Das allein war vorteilhaft, doch es verblasste wortwörtlich, als sich der Gang verbreiterte und mehr und mehr an eine natürliche Höhle zu erinnern begann. Hier wuchsen längliche Pflanzen. Zumindest drängte sich diese Assoziation zu Pflanzen auf. Wer wusste schon was sie wirklich waren. Auf den verkrümmten Stielen dieser sonderbaren Fauna saßen hell leuchtende Knollen. Sie strahlten in so intensivem Weiß, dass sie jeder Lampe damit hätten Konkurrenz machen können. Was sie aus der Dunkelheit schälten war eine bizarre Traumlandschaft aus organischem Werden und Vergehen. Umsponnene Zusammenballungen, die an Spinneneier denken ließen, lagen zwischen Haufen aus pulsierenden Massen. Was genau diese Masse war, ob Pilze, ob Fleisch, ob beides oder nichts davon, war unmöglich auszumachen.
Es gab Schlote, die frappierend an Schließmuskeln gemahnten, welche wabernde Wolken ausstießen und Richtung Decke schickten. Dort verloren sie sich zwischen etwas, das man auf den ersten Blick für dicke Kabel, auf den zweiten für fette Lianen halten konnte. Dies waren noch die geistig gesunderen Gedankenbilder.
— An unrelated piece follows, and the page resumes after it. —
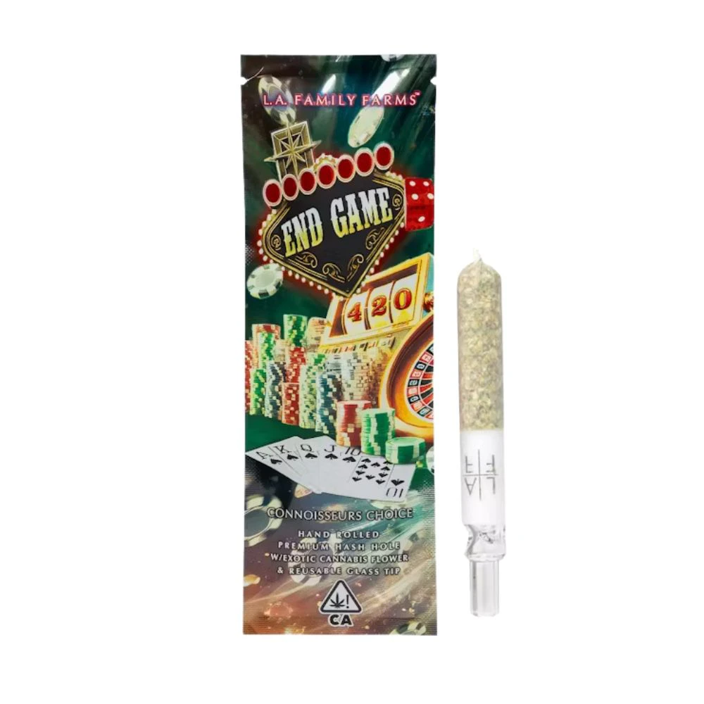 ๐จ๐ฅ Elevate your sessions with the Hash Hole - End Game, a powerful 1.5g preroll by LA Family Farms. Packed with premium flower and infused with hash, this creation delivers smooth, flavorful hits that are as potent as they are satisfying.

Denn auch Venen oder Därmen waren diese langen Schlingen nicht völlig unähnlich. Allemal bewegte sich in ihnen etwas, ließ sie kaum merklich konvulsivisch zucken und pumpen. Vielleicht eine Flüssigkeit? Aber wenn, dann ein in der Objekte mitschwammen, denn immer wieder wanderten sichtbare Ausbuchtungen durch die Stränge. Neben den leuchtenden Käfern und triefenden Gewächsen krabbelte und fleuchte da noch mehr in den reichlich vorhandenen Schatten. Dinge die definitiv größer waren als kleine Käfer. Dinge, die sich geschickt den Blicken entzogen und immer nur am Rande des Gesichtsfeldes in Bewegung verfielen. Dieses Bild eines Spott geborenen Gartens wurde unterstrichen vom Geruch. Dominant war die schwere Süße verfaulenden Obsts, durchsetzt mit Duft von Blumen. Ein wenig wie Nelken, aber viel intensiver und fast schon spürbar betäubend. Als würde nur dieser Geruch die Glieder lähmen und an den Augenlidern ziehen. Hinter dieser überwältigen Wand kitzelte etwas Scharfes, etwas Animalisches, die gereizten Nasen. Als wäre all das nicht schon genug gaben die Schlote und Schächte ihre, nach Schwefel stinkenden Ausscheidungen dazu.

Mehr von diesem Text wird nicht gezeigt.